7 Revisiting an old pastime, except you-know-what. Maybe, stored away somewhere, there is a watercolor set you haven’t touched in years, a crewel kit, an accordion, table tennis or backgammon equipment, a tape collection, or notes for a novel. For some of us, it has been rewarding to dig these out, dust them off, and try having a go at them again. If you decide they’re not for you any more, get rid of them.

8 Taking a course. Have you always wished you could speak Swahili or Russian? Enjoy history or math? Understand archaeology or anthropology? Correspondence courses, instruction on public television, or adult classes (for pleasure, not necessarily for credit) that meet about once a week are usually available somewhere. Why not give one a try? Many of us have found that such a course can not only add a fresh dimension to life, but also lead to a whole new career. If studying gets to be a drag, though, don’t hesitate to drop it. You have the right to change your mind and quit anything that is more of a hassle than it’s worth. Being “a quitter” can take courage and make very good sense if we’re quitting something that is not good for us, or adds no positive, pleasurable, or healthy new facet to our life.

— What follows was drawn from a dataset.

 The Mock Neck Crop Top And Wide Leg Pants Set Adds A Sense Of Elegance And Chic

9 Volunteering to do some useful service. Many, many hospitals, children’s agencies, churches, and other institutions and organizations desperately need volunteers for all kinds of activity. The choice is wide, from reading to the blind to sealing envelopes for a church mailing or gathering signatures on a political petition. Check with any nearby hospital, church, governmental agency, or civic club to find out what volunteer services are needed in your community. We’ve found we feel much better about ourselves when we contribute even a small service for the benefit of our fellow human beings. Even the act of investigating the possibilities of such service is in itself informative and interesting.

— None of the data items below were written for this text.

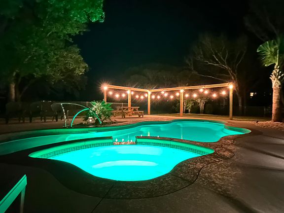 POOL: The deluxe heated pool with a built-in spa was installed in 2024. The pool surround is coated with a special sealant that keeps the concrete cool and slip-resistant. Cafe lights at night provide a magical tropical paradise experience!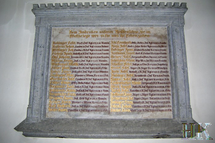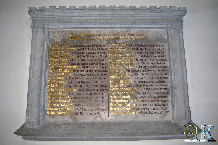 Gedenktafeln 1914-1918 in der Pfarrkirche St. Felizitas |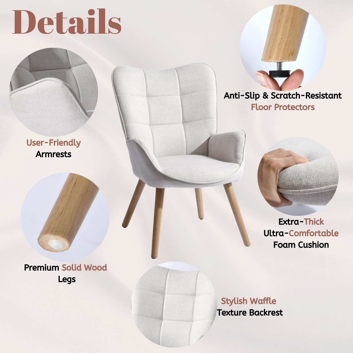 chenille solid wood wingback chair, 23" beige natural tufted chenille, wood wingback chair, beige natural tufted chenille solid, tufted chenille solid wood wingback |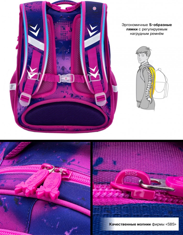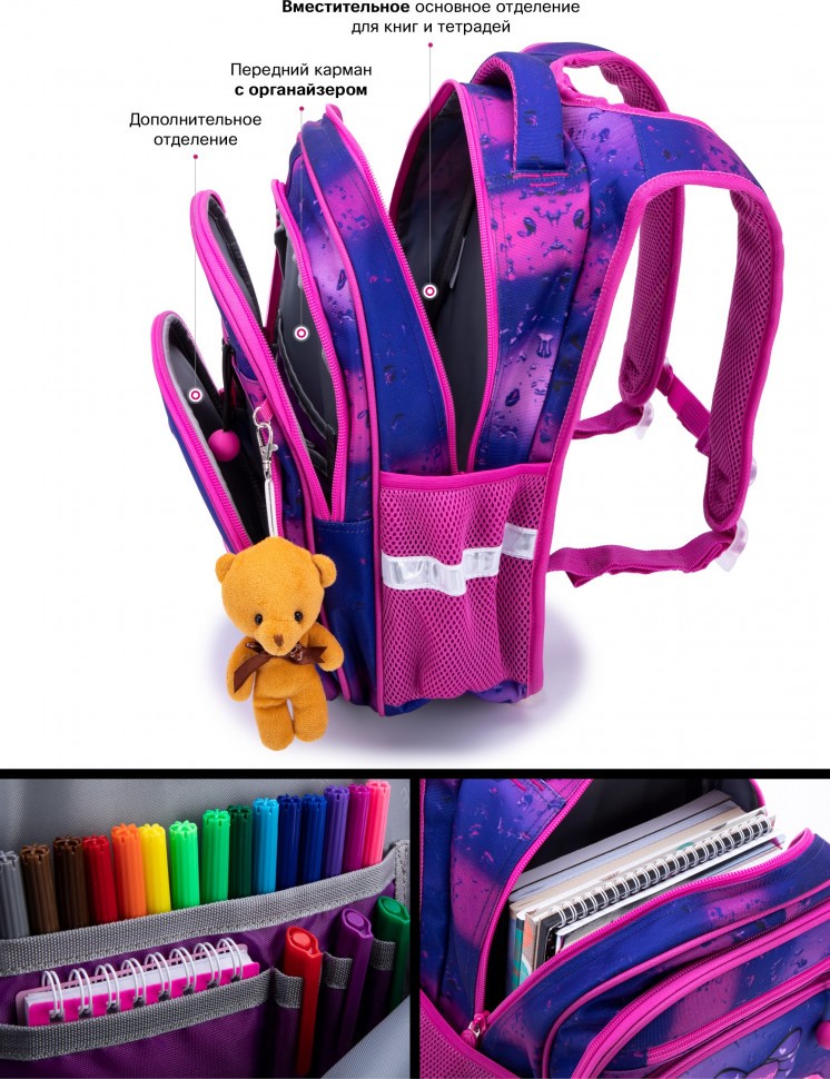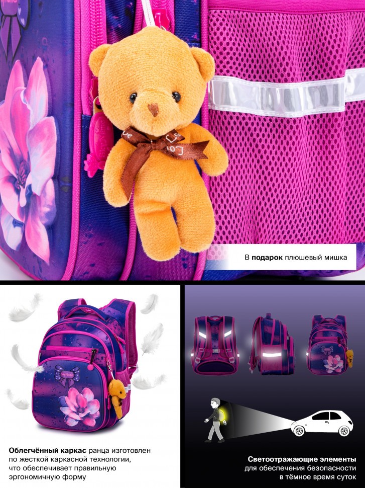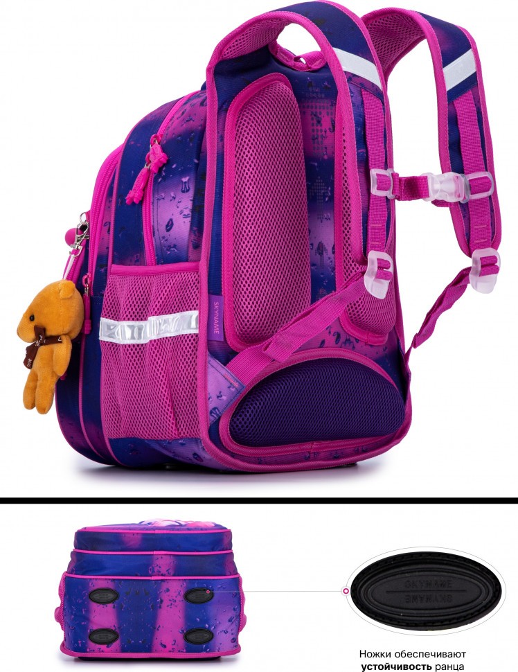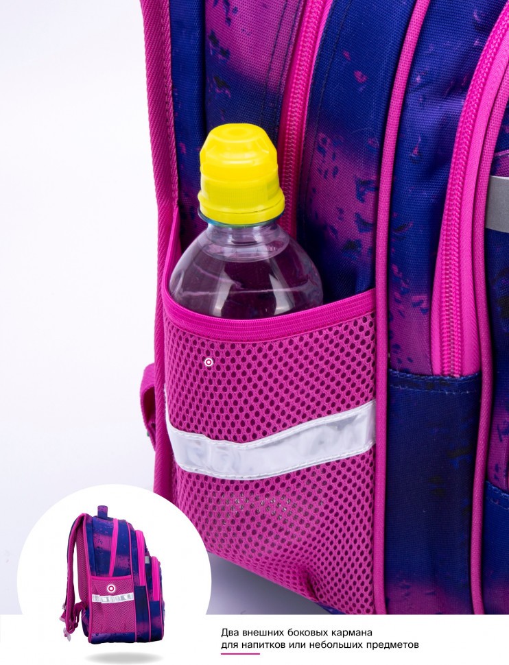 Светоотражающие элементы расположены на передней, задней и боковой частях рюкзака, для обеспечения безопасности в темное время суток.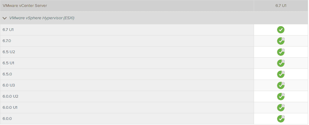 VMware vSphere VCSA 6.7 Update 1 Interoperability and Compatibility

10 Doing something about your personal appearance. Most of us let ourselves go pretty much. A new haircut, some new clothes, new glasses, or even new teeth have a marvelously cheering effect. Often, we had been intending to get around to something like that, and the months when we first started staying sober seemed a good time to look into it.

11 Taking a fling at something frivolous! Not everything we do has to be an earnest effort at self-improvement, although any such effort is worthwhile and gives a lift to our self-esteem. Many of us find it important to balance serious periods with things we do for pure fun. Do you like balloons? Zoos? Bubble gum? Marx Brothers movies? Soul music? Reading sci-fi or detective stories? Sunbathing? Snowmobiling? If not, find something else nonalcoholic that rewards you with nothing but sheer enjoyment, and have some “dry” fun. You deserve it.

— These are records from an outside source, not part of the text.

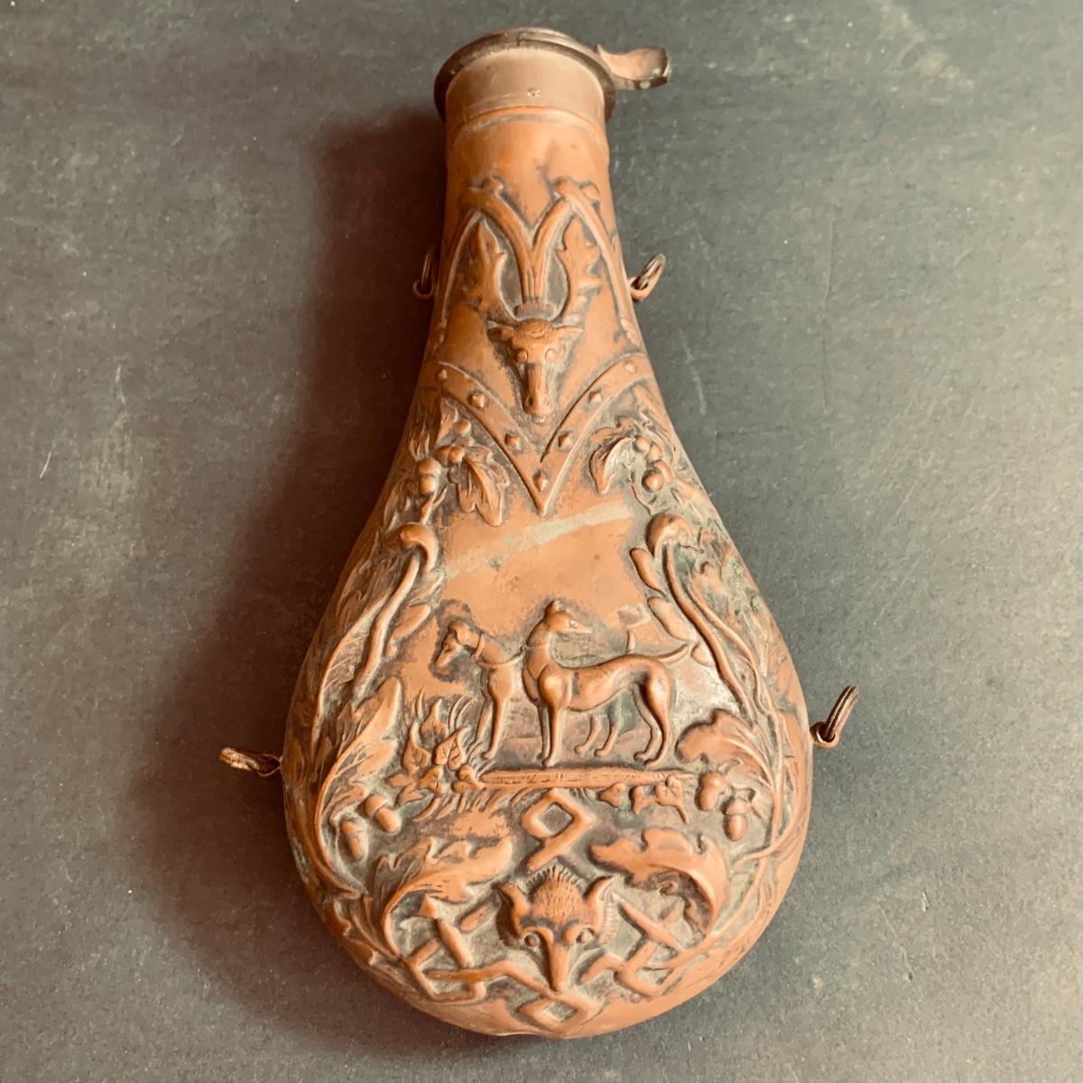 LOT 453: Antique Copper Powder Flask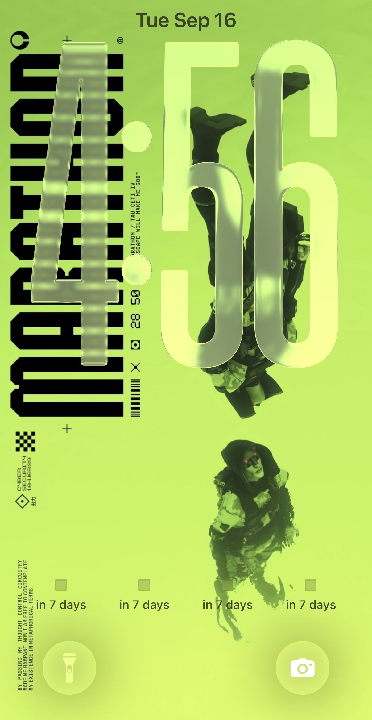 Day #866. Since the dawn of the smart phone Marathon fans have been adorning them with Marathon wallpapers. ![]() Today they have Liquid Glass. Mxdonkey1578 gives us Marathon plus Liquid Glass. ![]() Marathon plus Liquid Glass by Mxdonkey1578 on the Official Marathon Discord. September 16, 2025. To be fair a static image doesn't do this justice. The "in 7 days" is a nice touch. ![]() But I digress. Liquid Glass is Apple's radical UI overhaul to mark the next quarter century. It features a more fluid and glass-like interface recently introduced in iOS 26 and its variants. Now you can watch Void and his consciousness float on your iPhone 17 Pro Max Cosmic Orange screen. The original artwork is by Bungie's Jeremy Hanna, a concept artist on Marathon.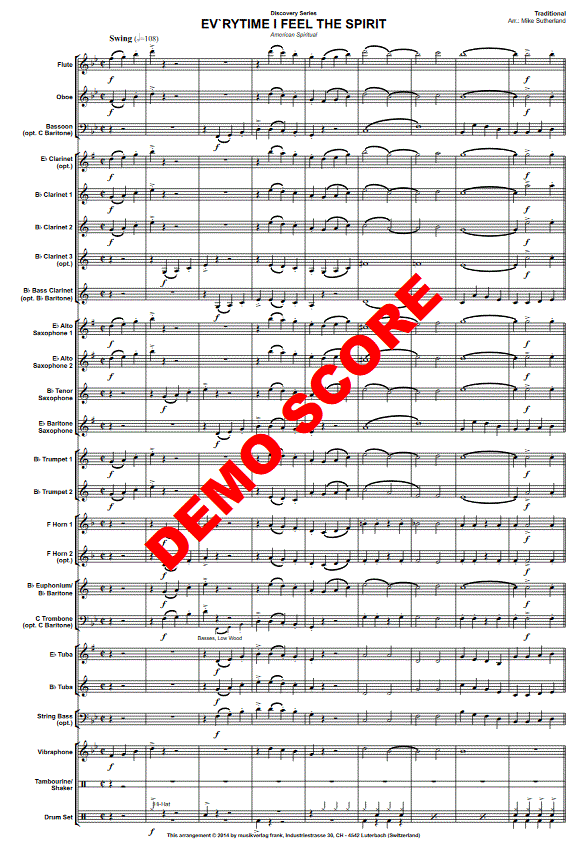 Otros detalles/contenidos "Ev'ry Time I Feel the Spirit" es una canción gospel clásica cuya poderosa melodía y letra inspiradora han recibido una nueva dimensión gracias al arreglo de Mike Sutherland para conjunto de viento. Sutherland logra preservar la esencia del original y al mismo tiempo explotar al máximo las posibilidades sonoras de un conjunto de viento. El resultado es una interpretación conmovedora y dinámica que resalta tanto la profundidad espiritual como la belleza musical de la canción.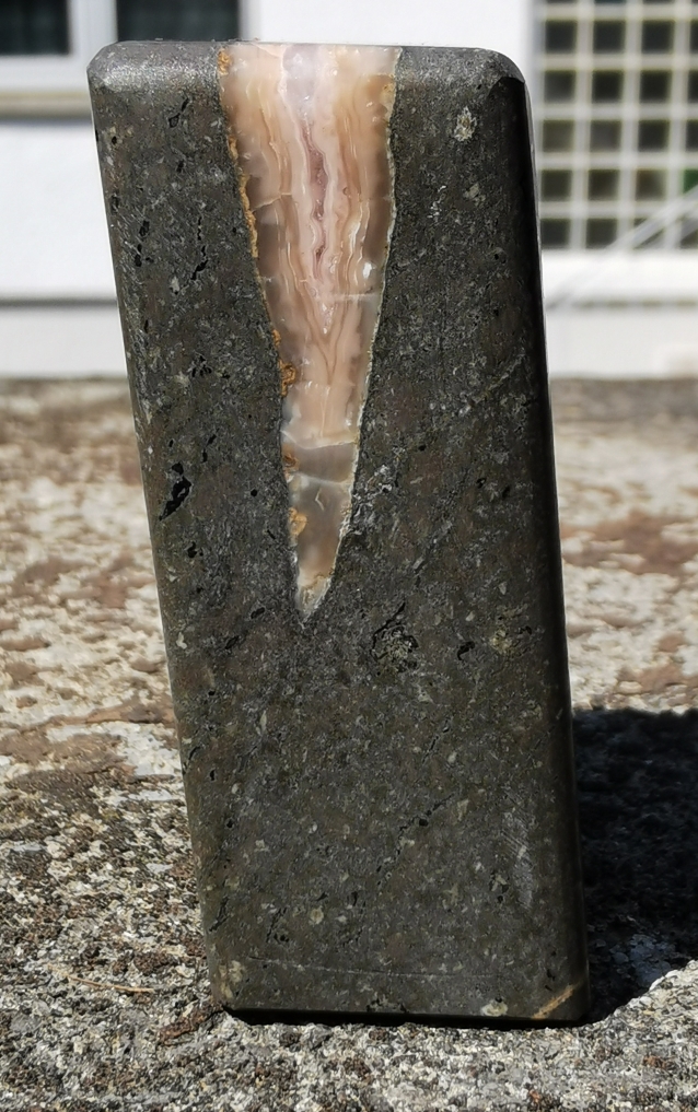 Die Kanten will ich abrunden und lediglich die Stellfläche bleibt eckig. Das der Achat so im Stein steckt, gefällt mir sehr gut!

12 __________________________________________________________________ Fill this one in for yourself. Let’s hope the list above sparked an idea for you which is different from all of those listed.... It did? Good! Go to it.

One word of caution, though. Some of us find we have a tendency to go overboard, and try too many things at once. We have a good brake for that, which you’ll read about in Chapter 18. It’s called “Easy Does It.”